For the first statement I do not know how to show it, so if someone can help me I would appreciate this.
For the second statement I am guessing that the following is the solution:
Assume that $\mathbb Q = (\frac{a}{b})$ i.e., it is finitely generated , then $q = m \frac{a}{b}$ for some integer $m.$ But then I do not know what to do. Could anyone help me in proving this also please?

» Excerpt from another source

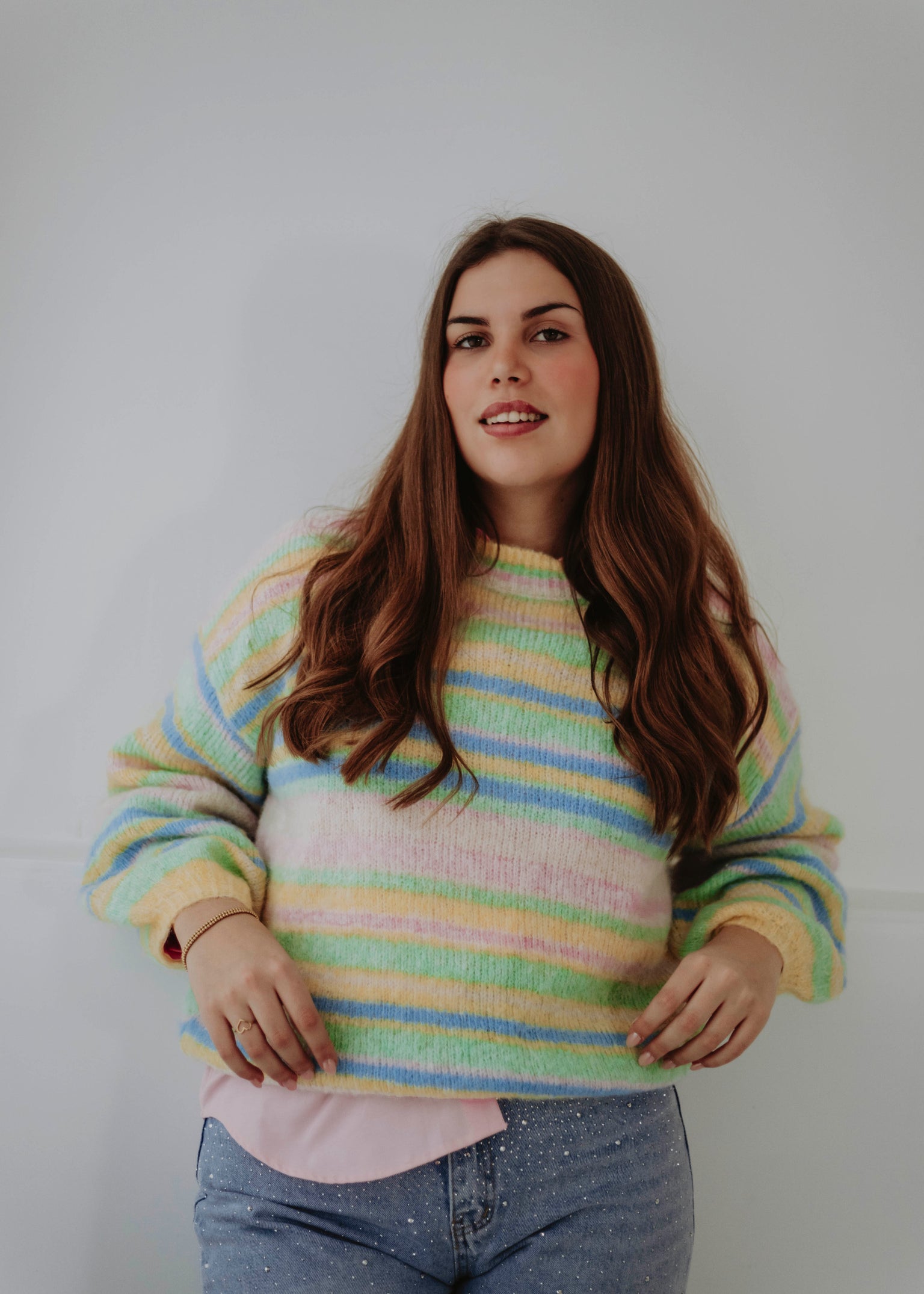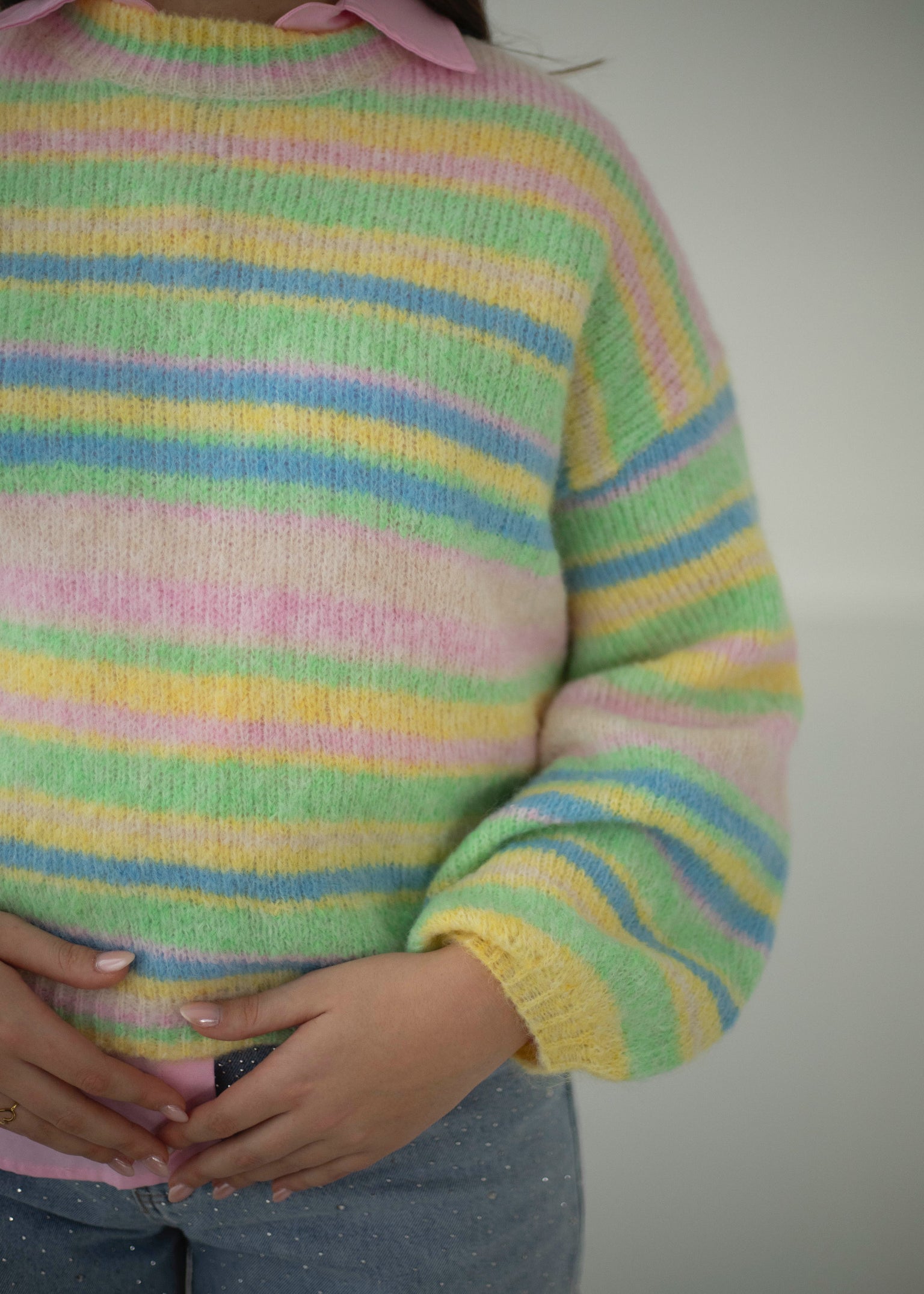 MIRTHE PASTEL MULTICOLOR STRIPED KNIT SWEATER

Since $(1)$ was already handled in the comments...
$(2)$ $\underline{Claim:}$ $\mathbb{Q}$ is an infinitely-generated $\mathbb{Z}$-module.

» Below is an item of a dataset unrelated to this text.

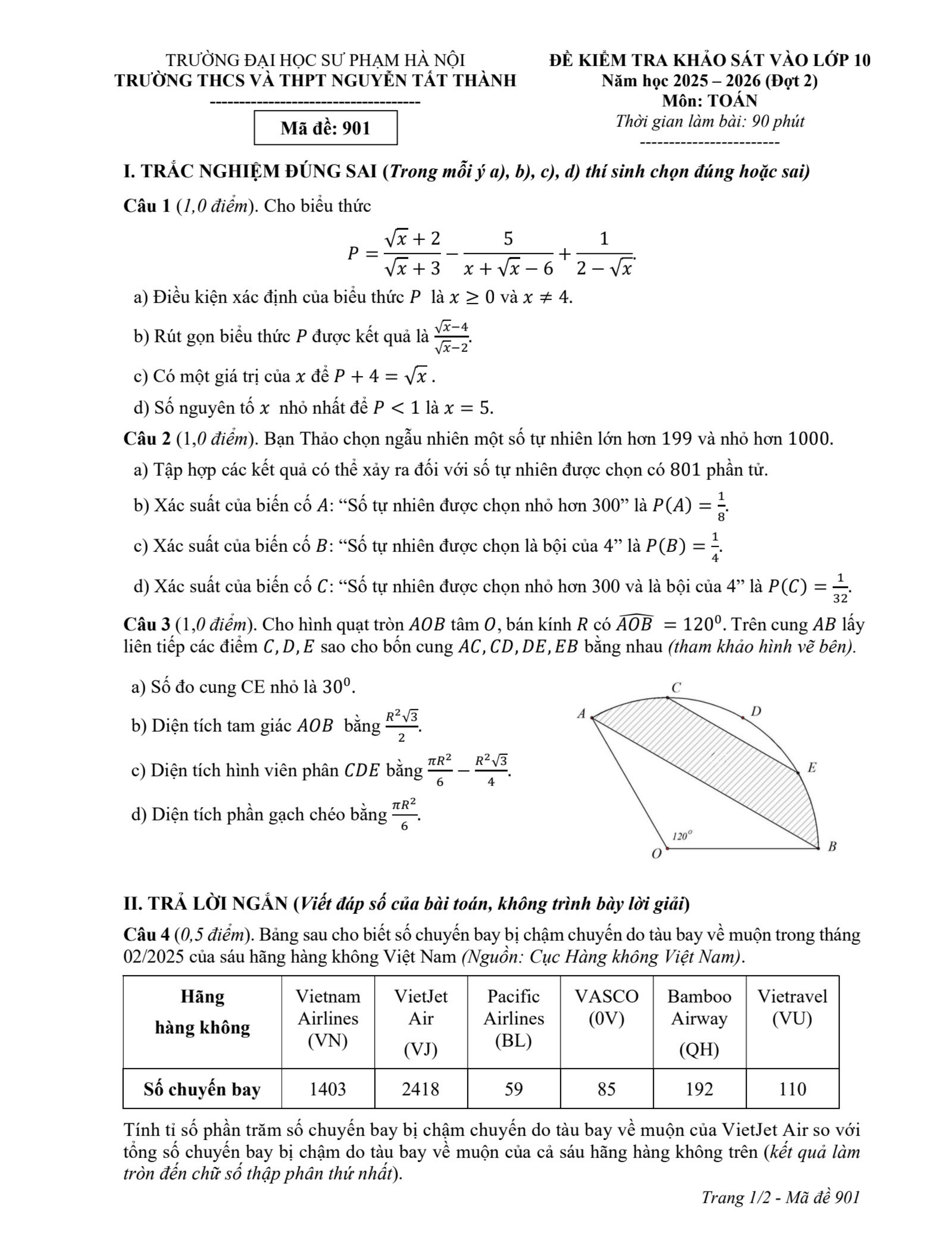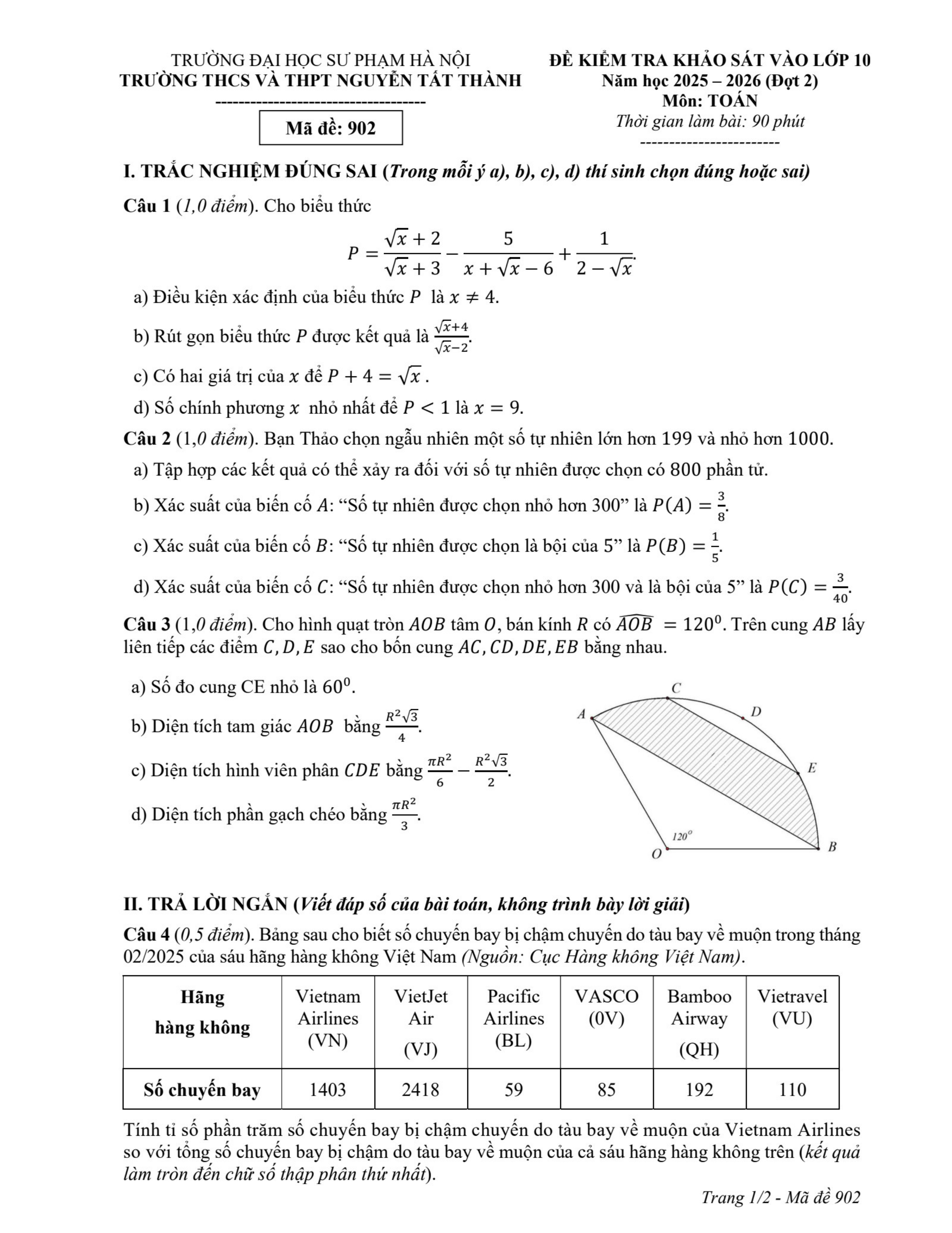 Đề khảo sát Toán vào lớp 10 đợt 2 trường Nguyễn Tất Thành, Hà Nội năm 2025 - 2026

$\underline{Proof:}$ Suppose $\mathbb{Q}$ has a finite generating set, $\{q_1,...,q_n\}\subseteq \mathbb{Q}$. Note that each $q_i = \frac{r_i}{s_i}$ for $r_i,s_i\in\mathbb{Z}$. We have: $$Span_{\mathbb{Z}}\bigg\{\frac{1}{s_1},...,\frac{1}{s_n}\bigg\} \supseteq Span_{\mathbb{Z}}\bigg\{q_1,...,q_n\bigg\},$$ so without loss of generality, assume the spanning set is of the form on the LHS. Furthermore, suppose this set is linearly independent. Now, consider the element: $$x:= \frac{1}{s_1\cdot ... \cdot s_n}.$$ Clearly $x\in \mathbb{Q}$, but if $x\in Span_{\mathbb{Z}}\bigg\{\frac{1}{s_1},...,\frac{1}{s_n}\bigg\}$ then $\exists \lambda_i\in \mathbb{Z}$ such that: $$\frac{1}{s_1\cdot ... \cdot s_n} = \sum\limits_{i=1}^n\lambda_i\frac{1}{s_i}.$$ Clearing the denominator, subtracting the one over, and noting $1 = \frac{s_j}{s_j}$ we get: $$\implies \sum\limits_{i\neq j = 1}^n\lambda_i\cdot (s_1\cdot ...\cdot s_n)\cdot\frac{1}{s_i} + (\lambda_j\cdot(s_1\cdot ...\cdot s_n)- s_j)\cdot\frac{1}{s_j} = 0$$ Rewriting with new coefficients: $$\sum\limits_{i=1}^n\mu_i\cdot \frac{1}{s_j} = 0$$ $\implies \forall i:\text{ }\mu_i = 0$ (by linear independence of $\frac{1}{s_i}$'s). This in turn yields: $$\forall i\neq j:\text{ }\lambda_i\cdot (s_1\cdot...\cdot s_n) = 0$$ and $$\lambda_j\cdot (s_1\cdot ... \cdot s_n) = s_j.$$ Continuing: $$\implies \forall i\neq j: \lambda_i = 0\text{ }\text{ (integral domain property of integers)}$$ and $$\lambda_j = \frac{1}{(s_1\cdot ...\cdot \widehat{s_j}\cdot... \cdot s_n)}\in \mathbb{Q}\backslash \mathbb{Z}$$ and thus we've reached our first contradiction.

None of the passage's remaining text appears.